You can miss chord changes and just tell people you have a different version.
Sometimes, when I do workshops, I start by having the guitar players just play the chord that names the key. If you're a guitar player, try it: get a fiddler to play "Arkansas Traveller" and just play a "D" chord, all the way through. It's not great, and musicians will wince, but most dancers can't tell "Beethoven's Fifth" from "Foggy Mountain Breakdown." They're there to dance to some fast, fiddle tunes, and the guitar's their beat.
If you really, really don't know a tune, you can get through it with Dave Firestine's Universal Chord. Afterwards, people will run up to the stage and tell the fiddler, "You guys are really hot tonight!"
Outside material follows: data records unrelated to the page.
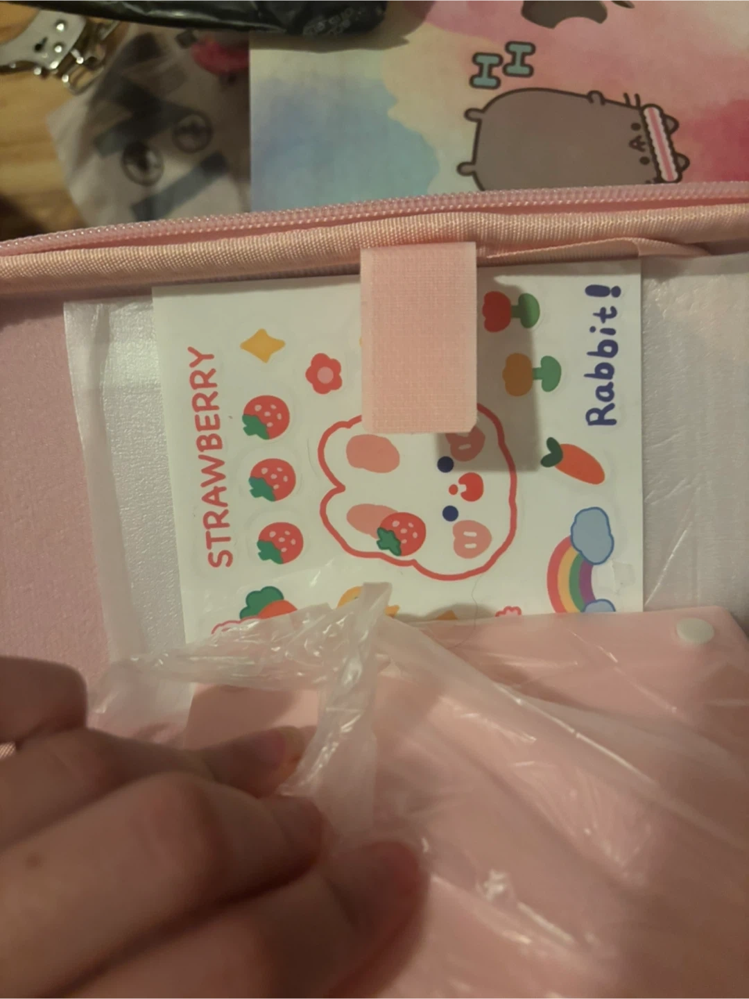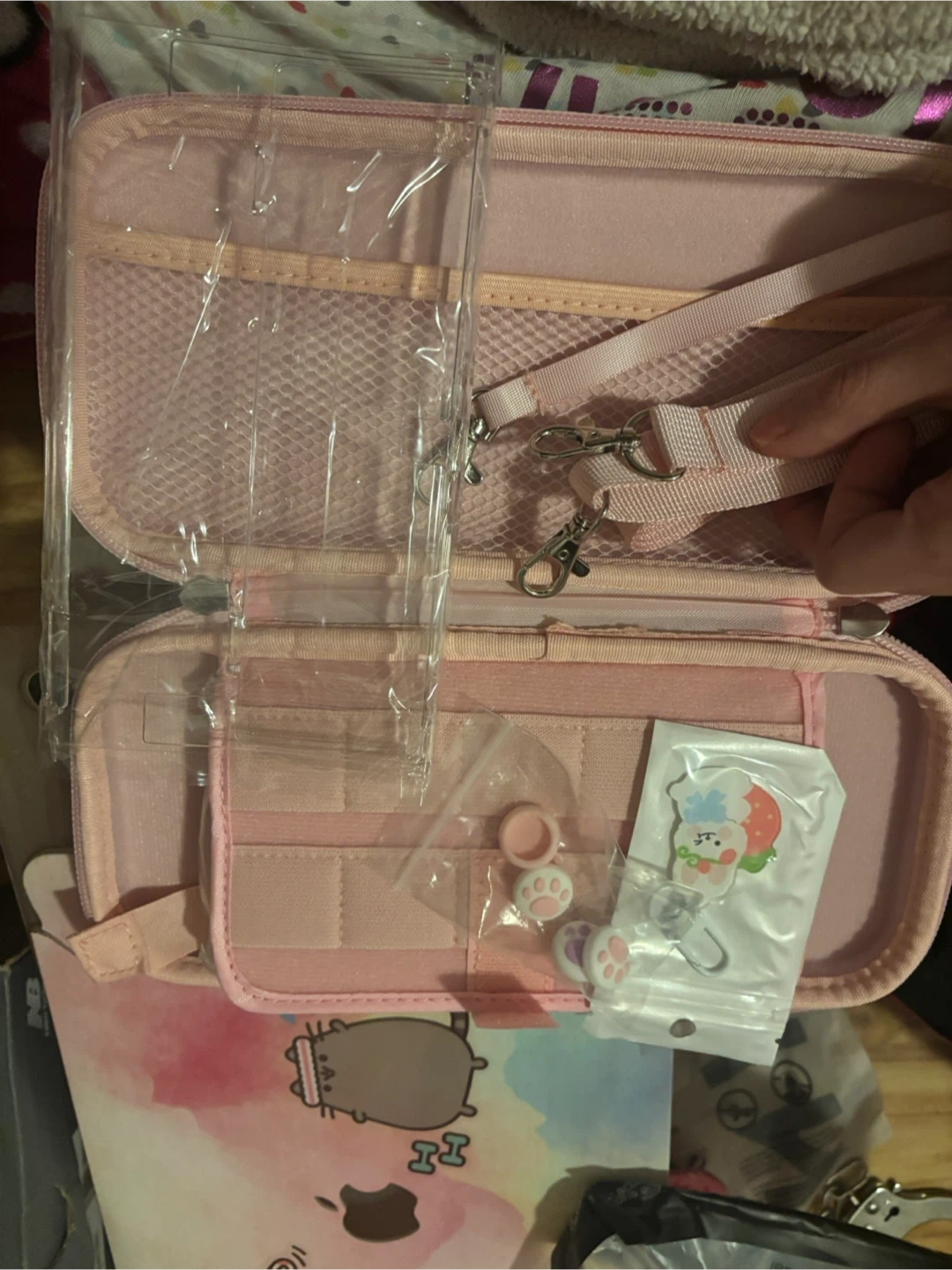 Selling a pink carrying case. It looks like it's in new condition and comes with a shoulder strap, thumb grips, and some cute stickers! Perfect for keeping your small items safe and organized for a Nintendo Switch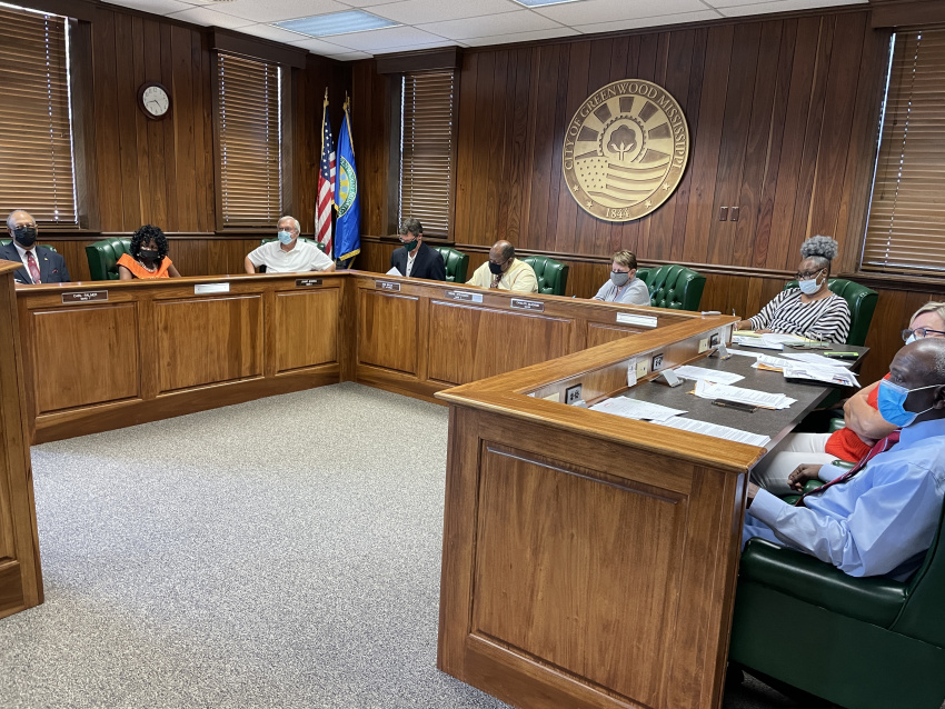 The Greenwood City Council discusses the budget for the upcoming fiscal year Tuesday. From left are Ward 7’s Carl Palmer, Ward 6’s Dorothy Glenn, Ward 1’s Johnny Jennings, City Attorney Don Brock Jr., Ward 3’s Ronnie Stevenson, Mayor Carolyn McAdams, Council Clerk Minnie Roby, Ward 2’s Lisa Cookston and Ward 5’s Andrew Powell. (By Drew Richardson)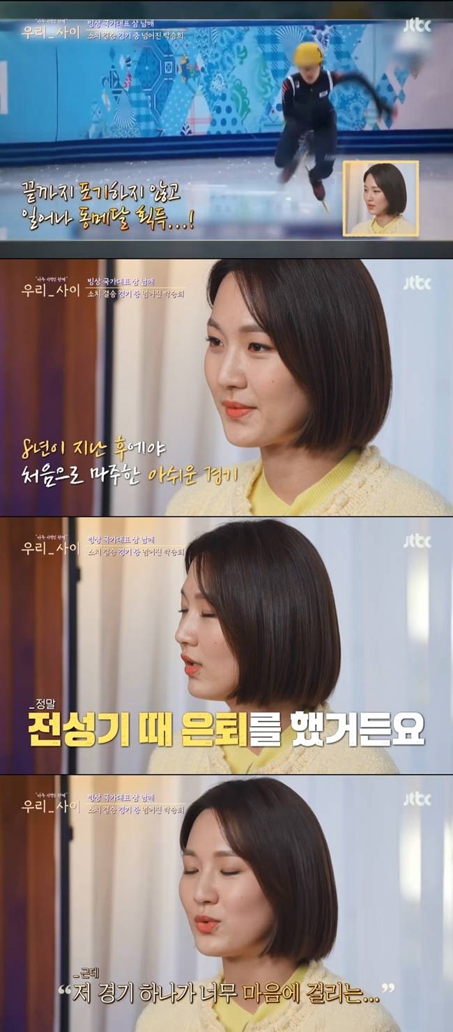 5월 2일 방송된 JTBC 예능 '우리 사이'에서는 박승희가 언니 박승주, 동생 박세영과 선수 생활 동안 쌓였던 오해를 풀고 서로의 진심을 알아보는 시간을 가졌다.

Because if they're listening, they're listening to the fiddle -- the melody. If the band sounds hot, or even just different, it must be the fiddler, who, by inference, must be leading the band.
This is why it's even okay for fiddlers to spring a new tune on the band at a dance. If the fiddler can get through it with confidence, and the guitar player (bass player, piano player ... whoever all has the bottom), keeps time, it will work fine for the dance.
... unless it's a waltz.
The single most common, intermediate fiddler mistake at dances is to say, "I have this great new waltz. Let's do it." Uh-uh. No. Not even with sheet music.
These are fiddlers who know how beautiful the waltz sounds in their heads, and what great vibrato and ornamentation they've put in, in the arrangement they've been practicing all week in their bedrooms. They know that when they do this waltz, the room will swell with romance, and after the last note, God will set off bottle rockets.
The grim truth is that waltzes are the only tunes that the guitar chords make or breaks. They all have thirteen different chords, and they're so slow that every one matters. A fluffed chord in a waltz is a gigantic, audio zit.
If you're the fiddler, you can do a new waltz before the break if the guitar player's heard it before and you have the chords written out. If he's never heard it, you can still do it as the last waltz if you bring charts and rehearse it at the break. Really. Listen to me on this one. I am not kidding.
If you're a guitar player, and it's waltz time, and your fiddler turns to you and says, "Let's do this new waltz. Here, I'll play it quickly for you, so you can see how it goes," shake your head, point at your lips and say, "No."
Your band's dances waltzes will sink or float on the guitar or the piano -- the figured bass. And after the ones that soar, dancers will run up to the stage and say, "Oh, that was so beautiful." They'll say it to the fiddler.